Preguntas frecuentes
¿Cuál es la jornada máxima legal vigente desde abril de 2026? 42 horas semanales, tras la segunda etapa de reducción de la Ley 21.561, que bajó la jornada de 44 a 42 horas a partir del 26 de abril de 2026.
¿Es necesario firmar un nuevo contrato por la reducción de jornada? No es obligatorio porque la reducción opera automáticamente por ley, pero sí se recomienda formalizar un anexo de contrato que refleje el nuevo horario acordado.
¿La reducción de jornada puede significar una baja de sueldo? No. La ley establece expresamente que la reducción de horas no puede implicar una disminución de las remuneraciones de los trabajadores.
¿Qué pasa si el empleador y los trabajadores no llegan a un acuerdo sobre cómo distribuir la reducción?
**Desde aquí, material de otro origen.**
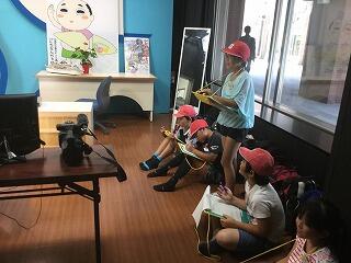 5月26日に、遠足で日南へ出かけました。電車の中でもケーブルテレビ局に向かう間も、うきうきわくわく、とっても元気な子どもたちでした。テレビ局に着くと、まずテレビ局のお仕事についてお話を聞き、質問をしました。次に機材の見学、発声練習を行い、いよいよ実際に機械を動かしたりアナウンスをしたりする体験を行いました。緊張しながらも、うれしそうな表情を浮かべていました。貴重な体験のできた遠足となりました。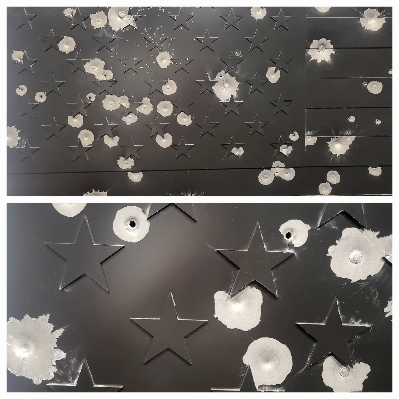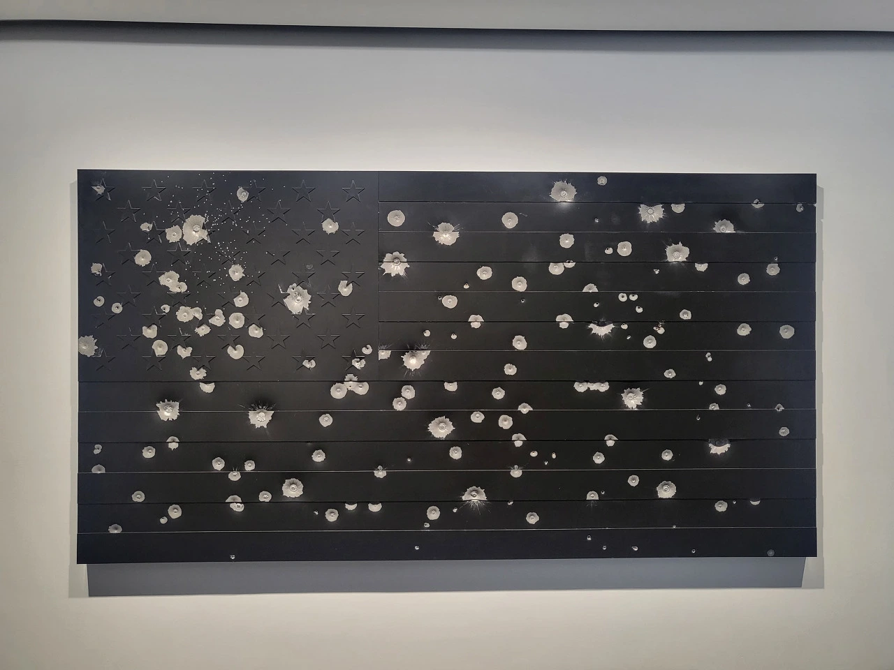 먼저 전시장 입구에 들어가니까 '브레멘 악대'를 소재로 한 브래맨 악대의 화석이 있었다. 화석을 보면 죽음을 연상하게 된다. 돌아서면 다시 미국 성조기가 검게 처리되어 있고 거기에 총탄 자국이 여기저기 흩어져 있다. 이것 역시 미국이 연일 총기사고로 희생당하는 사람들에 대한 경고가 아닐까.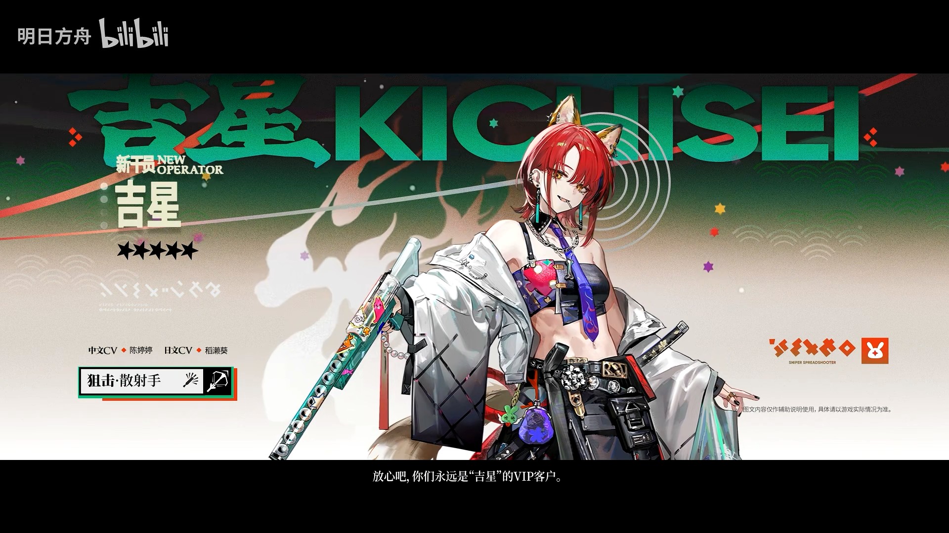 期間中、プレイヤーは今回選抜されたオペレーターの範囲内で2体の★6オペレーターと3体の★5オペレーターを選択、今回の【中堅オーディション】スカウトの出現確率が上昇したオペレーターとなります。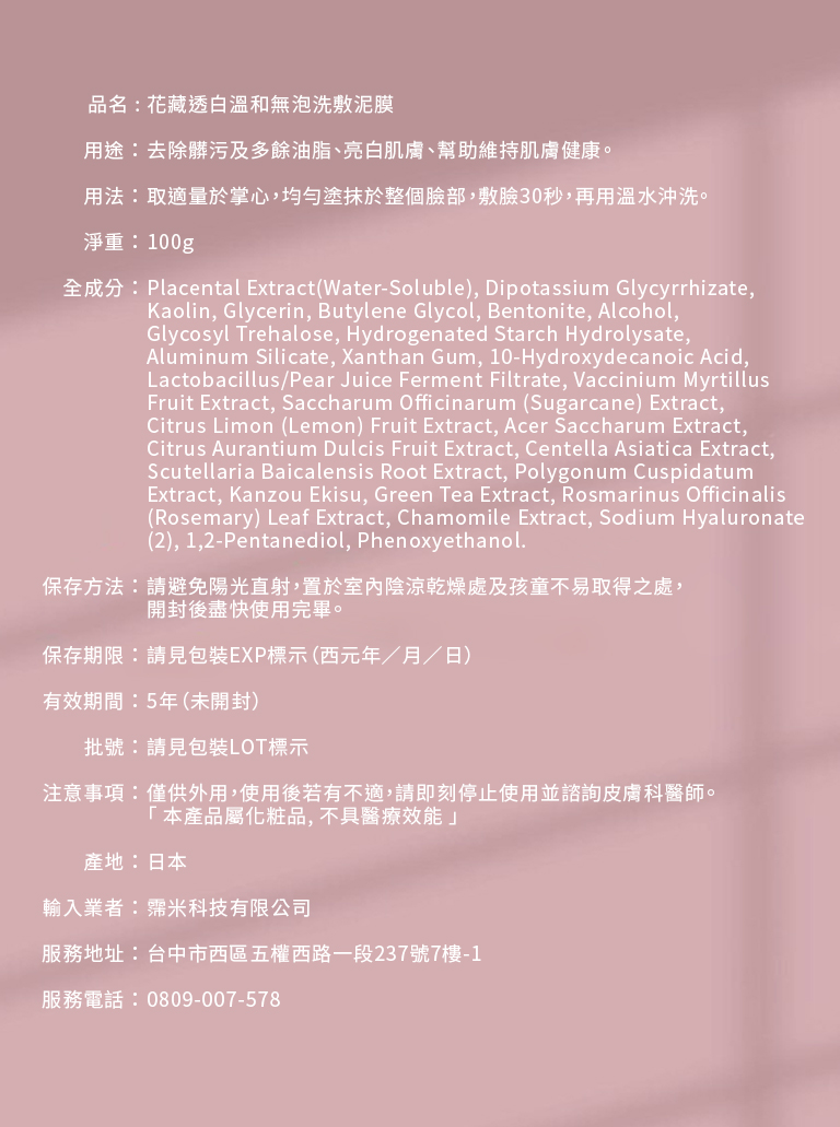 ▸花藏透白溫和無泡洗敷泥膜 2027/10/26

La Dirección del Trabajo estableció una regla obligatoria: en jornadas de cinco días se resta una hora completa al final de dos días de la semana, y en jornadas de seis días se restan 50 minutos en dos días y 20 minutos en un tercer día, sin poder fraccionar la rebaja en minutos diarios.
¿Quiénes no están cubiertos por la reducción de jornada? Gerentes, administradores y apoderados con facultades de administración, trabajadores sin fiscalización superior inmediata, funcionarios públicos regidos por el Estatuto Administrativo y trabajadores a honorarios.
¿Qué aclaró el Dictamen 252/20 sobre la autonomía real de un cargo? Que el acceso a tecnología no equivale a supervisión, que los reportes periódicos no activan automáticamente el control horario, y que el contexto real del cargo importa más que el título contractual.
¿Cómo afectan estos cambios al Formulario 22? La estructura del formulario no cambia, pero los mayores costos de nómina por contratación adicional, horas extra o compensaciones de descanso son deducibles de la renta líquida imponible.